- _What this task involves_:
Each line, starting at the one with "Israel Front: David" and running to the end of the data below, is to be set down again exactly, both ends included; leave pictures out.

- _Records shown_:
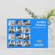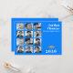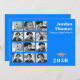 Este diseño presenta fotos de graduación en los colores de tu escuela azul azulado, y una cuadrícula de collage de imágenes con varias fotos, con un código QR para la URL en línea del sitio web, la página de eventos de medios sociales e icono de Facebook. un minimalista moderno y simple, para estudiantes de secundaria o universitarios, un texto básico de tipo de letra mínimo de tipografía, un moderno gorro de tabla de mortero, 12 plantillas de diseño de fotos, invitaciones para graduación de graduación de graduación de graduación para fiestas de graduación una invitación de fotos de fiestas de grado, con clase de nombre escolar del año
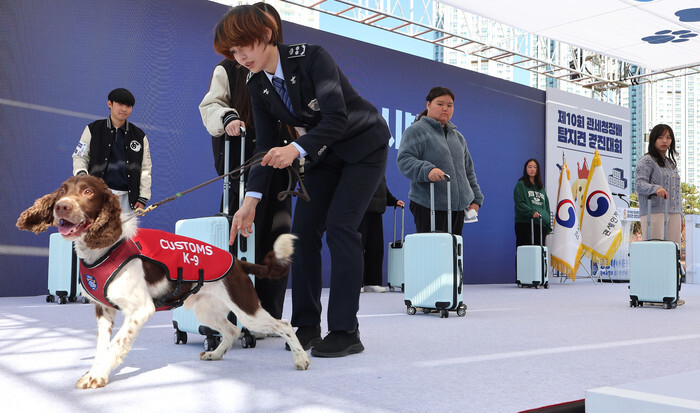 Woo Ji-yeon, a canine handler, and Phantom, a drug-sniffing dog, demonstrate how to sniff for drugs during a sniffing skill competition of the Korea Customs Service Commissioner Cup at a park in Incheon, west of Seoul, on Nov. 14, 2025. (Yonhap)
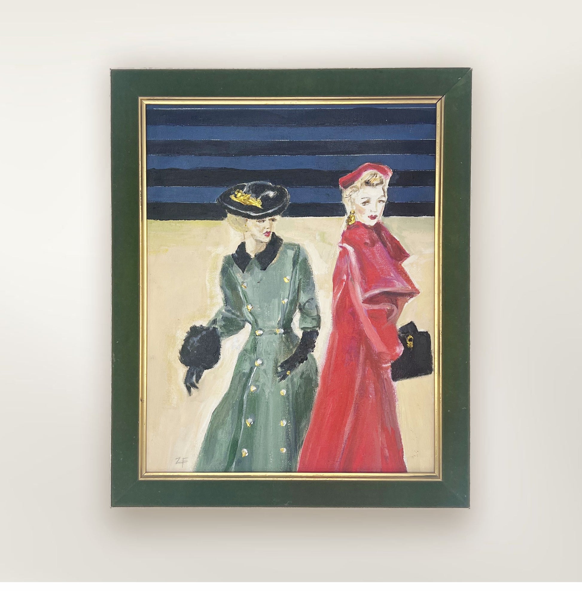 The Girlfriends is a heartfelt tribute to my love of nostalgic portraiture, inspired by the fashion spirit of the 1940s and 1950s. Painted in rich layers of oils and acrylics, with delicate touches of gold leaf, the piece radiates vintage charm and feminine strength.
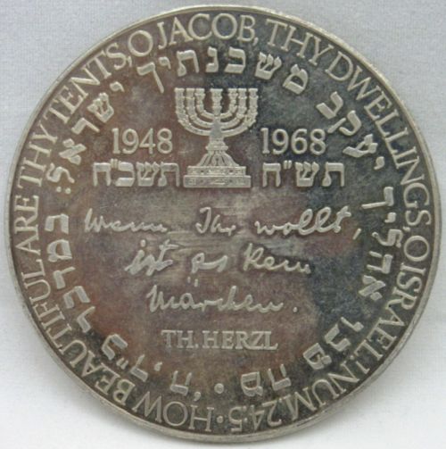 Israel Front: David Ben Gurion Promulgator and First Prime Minister of the New Israel Back: How Beautiful Thy Tents, O Jacob, Thy Dwellings, O Israel Num.24:5 1948 1968 Wenn Ihr wollt, ist es kein Märchen. Th. Herzl (If you will, it is no fairy-tale) Weight: 40 g. Diameter: 50 mm. |
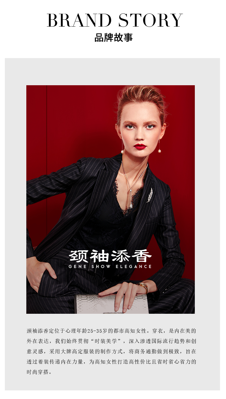 我们的产品:全网最具“质价比”的精英女装,只为有场合的“三高”女性打造,高知,高姿,高资。
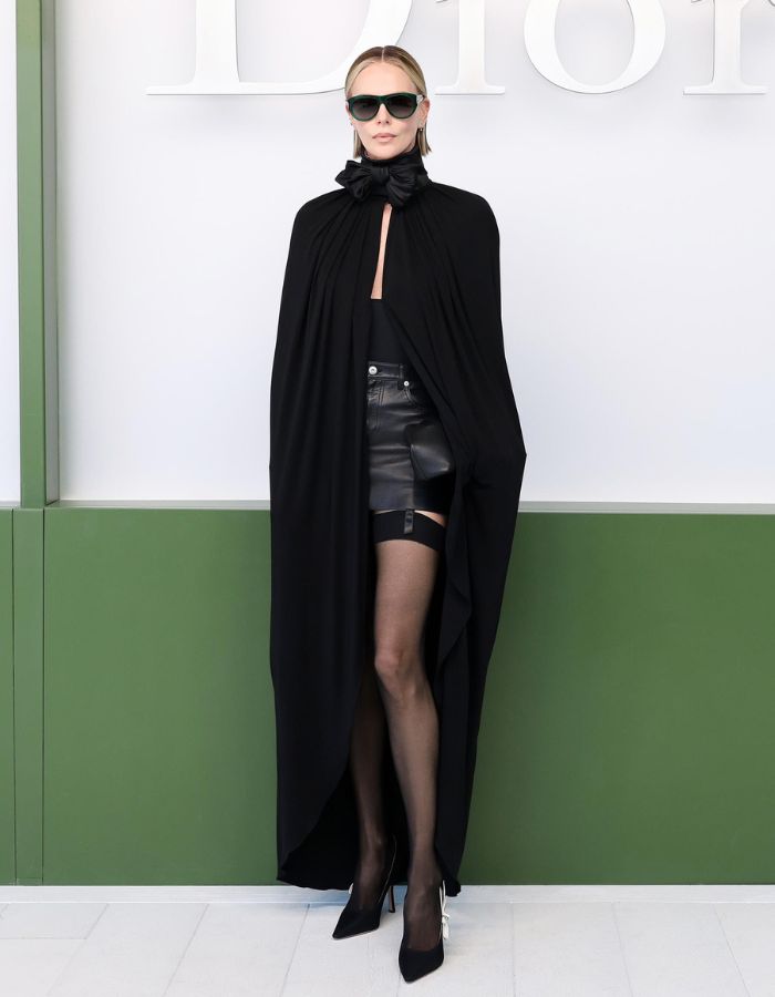 Charlize Theron wore a Dior silk cape, leather skirt and necktie.

- _Your response_:
 Israel Front: David Ben Gurion Promulgator and First Prime Minister of the New Israel Back: How Beautiful Thy Tents, O Jacob, Thy Dwellings, O Israel Num.24:5 1948 1968 Wenn Ihr wollt, ist es kein Märchen. Th. Herzl (If you will, it is no fairy-tale) Weight: 40 g. Diameter: 50 mm. |
 我们的产品:全网最具“质价比”的精英女装,只为有场合的“三高”女性打造,高知,高姿,高资。
 Charlize Theron wore a Dior silk cape, leather skirt and necktie.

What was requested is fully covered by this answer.